He replied, “Whether he is a sinner or not, I don’t know. One thing I do know. I was blind but now I see!”
How wonderful it must have been for the blind man to see, but what if the gift of vision were taken away.
There was a time years ago I fell in love, again. It was the second time that love struck me like that. It was a bolt of lightning that appeared without warning and gave some purpose to my life. It was a feeling that I had long given up on.
I had been in love before, once when I was much younger. She was the person that I could plan my whole life around. What we would do together, places to go, things to experience, the simple idea that greatness lay before us. Unfortunately, as much young romances go reality butted in ruining things. I didn’t realize what I lost as I moved on with my life and entered other relationships.
In many of those relationships I thought I was in love again, I really wanted to be without understanding how hard it is to find that really “special” person to be with. Eventually, I stopped caring for it thinking that I would never be able to rekindle that feeling. The idea of finding someone where the idea of future together was even better than being with them now.

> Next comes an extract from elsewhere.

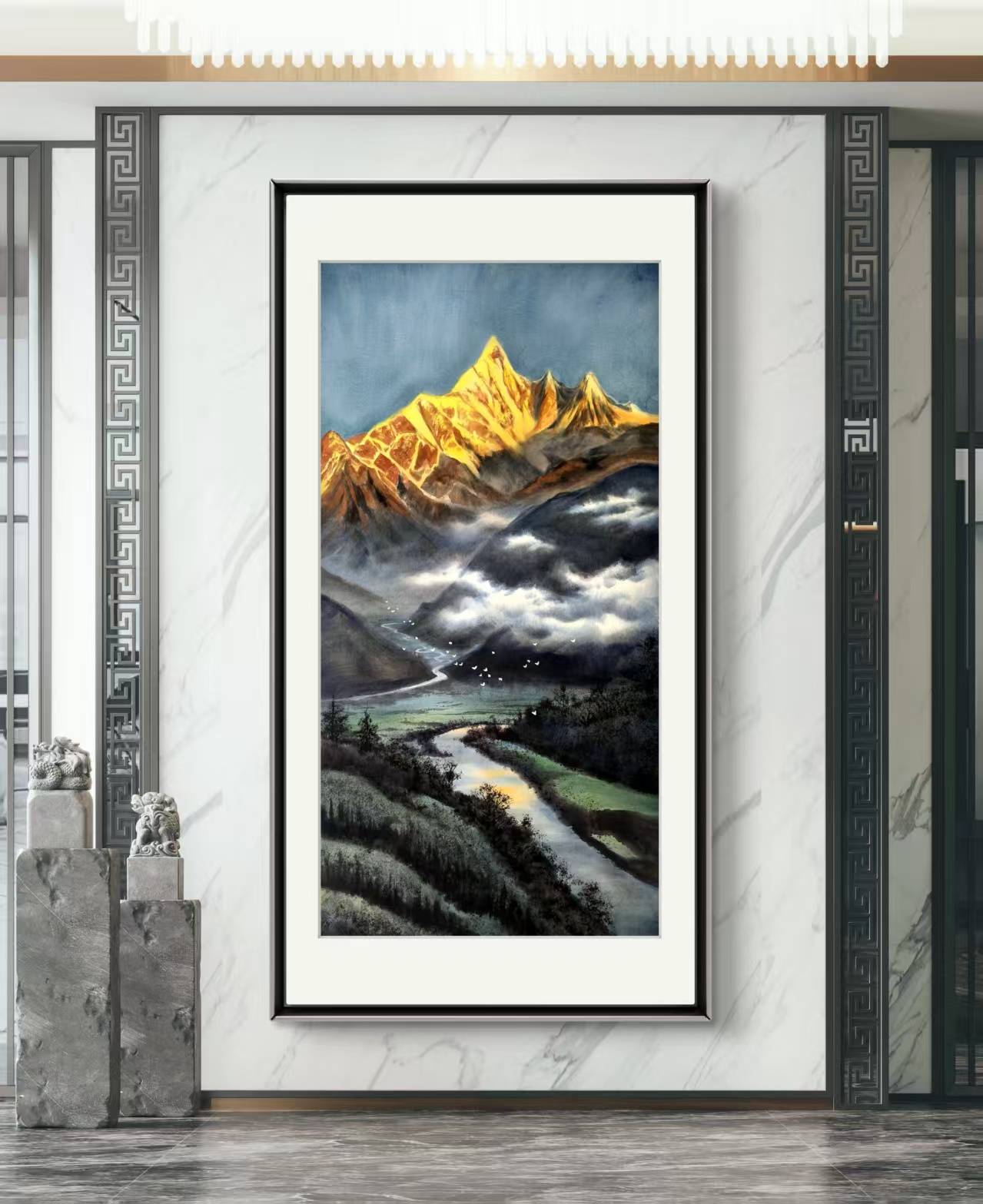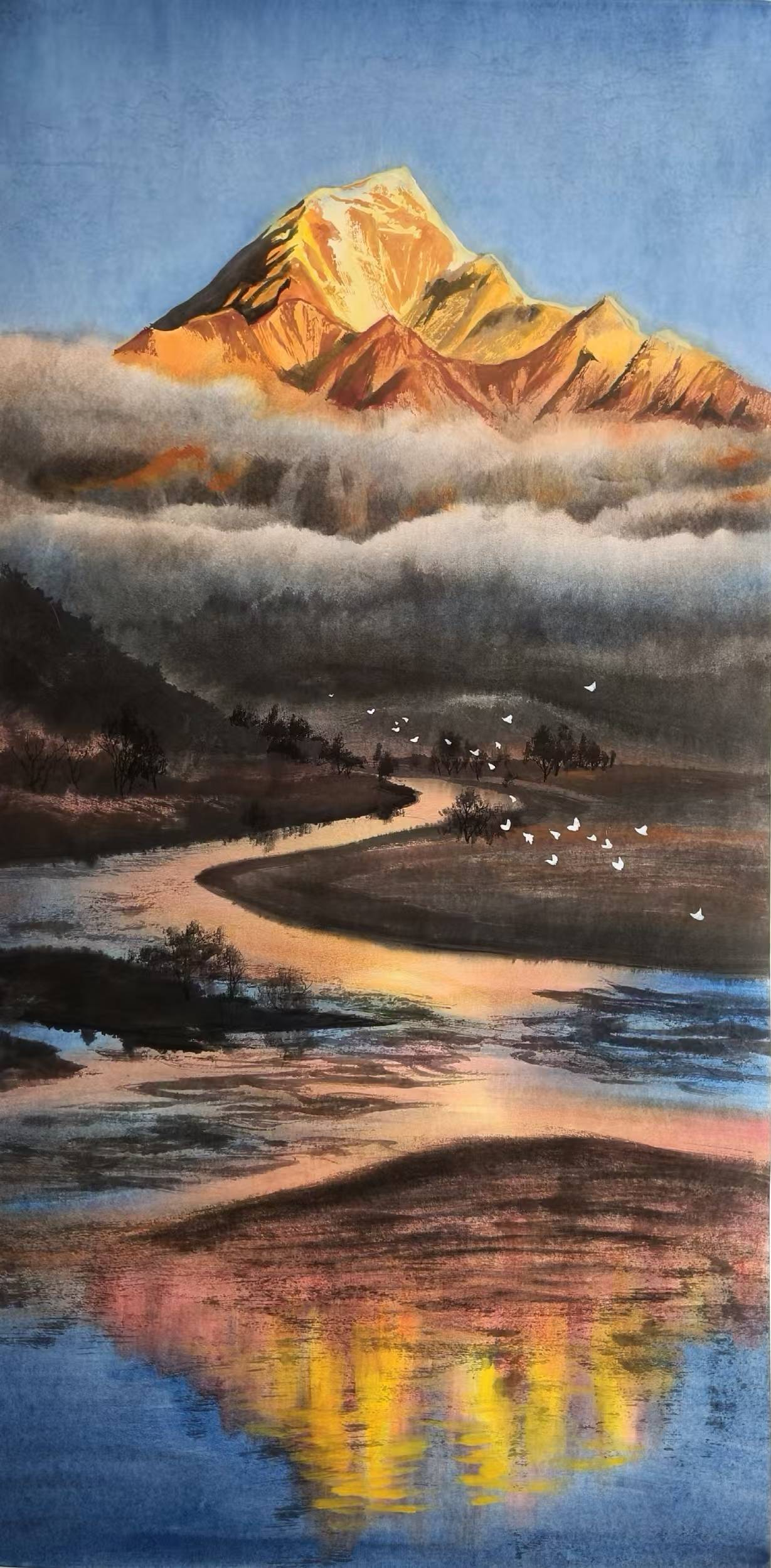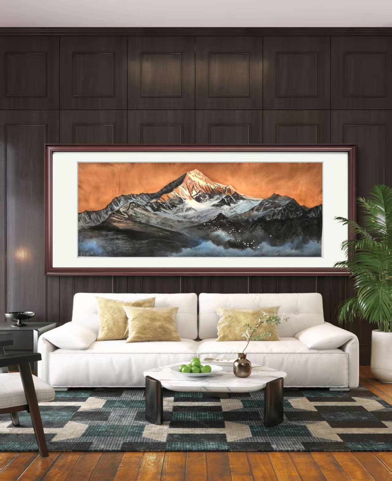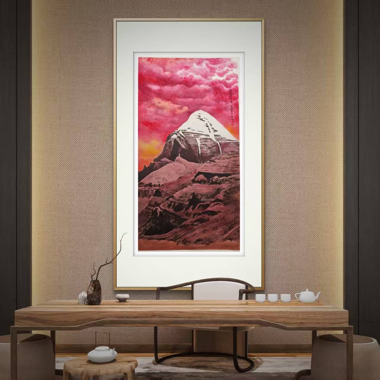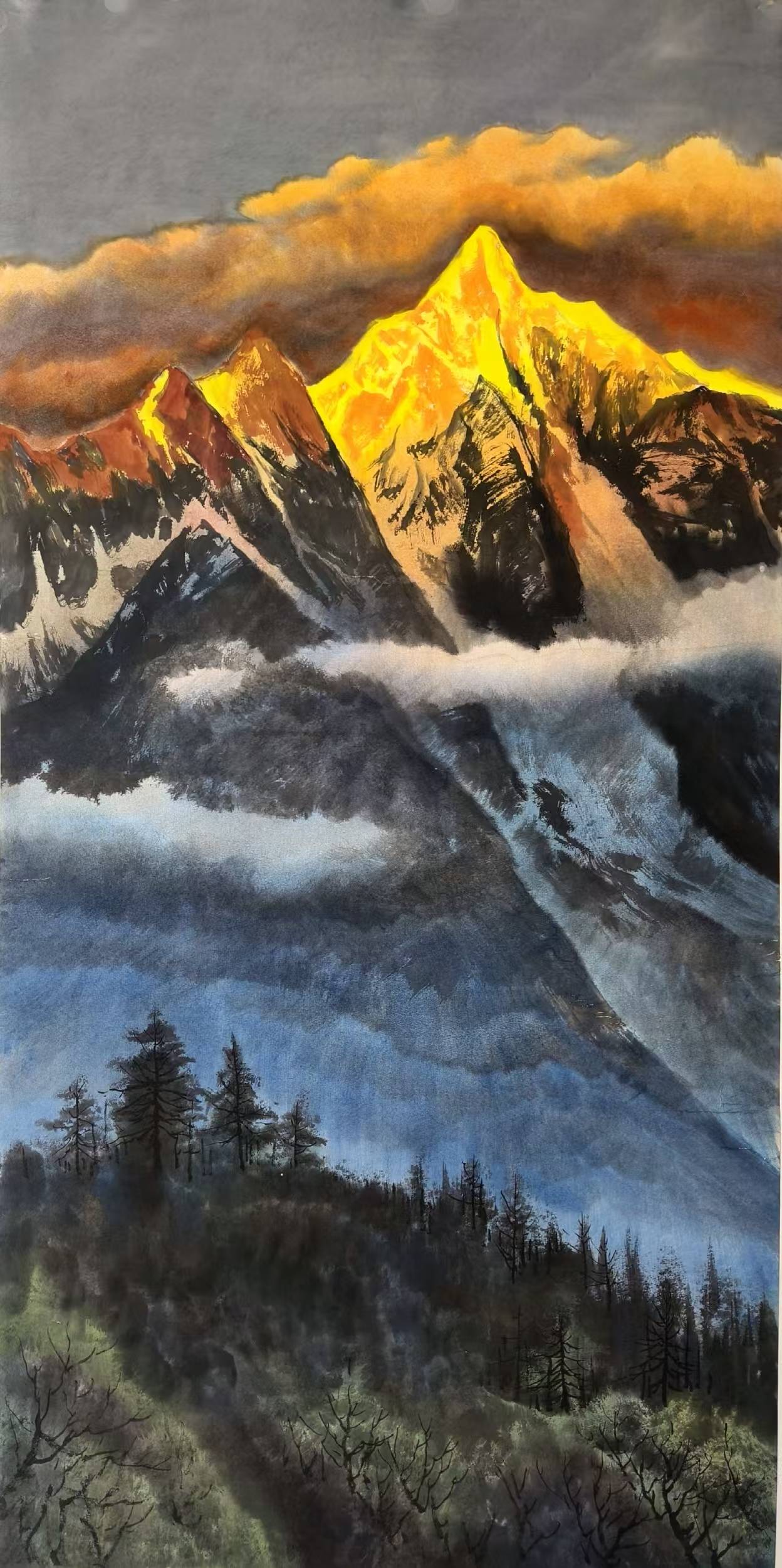 画家为亮早期以创作黄河,大海,长城题材为主,被誉为著名爱国题材画家,近几年走偏国内能呈现自然奇观日照金山的各大名山,4次进入藏区2次进驻珠峰大本营创作大量日照金山作品。

Over a decade later, I found love again. Again it hit like lightning when I wasn’t looking. From the first moment I saw her I knew something was special. It was different this time, the first time it was mutual, we just both had a feeling and on our first date both of us just knew that we should be together. This time around I just had a feeling and the more time I spent with her that feeling grew and grew. She thought I was crazy, and I admit that I was. However one night while drinking coffee after a long night of drinking we had our moment. From that point on that feeling became a knowing not only for me, but for her as well.
The now with her was a great, but a complete nightmare as well. Everything and everyone was against us, us versus the world and I didn’t care. Unfortunately, she did and again I was blind.
Days groping in the dark turned to months and years and again I was starting to accept that the light was gone.
Originally posted 2017-01-09 20:11:30.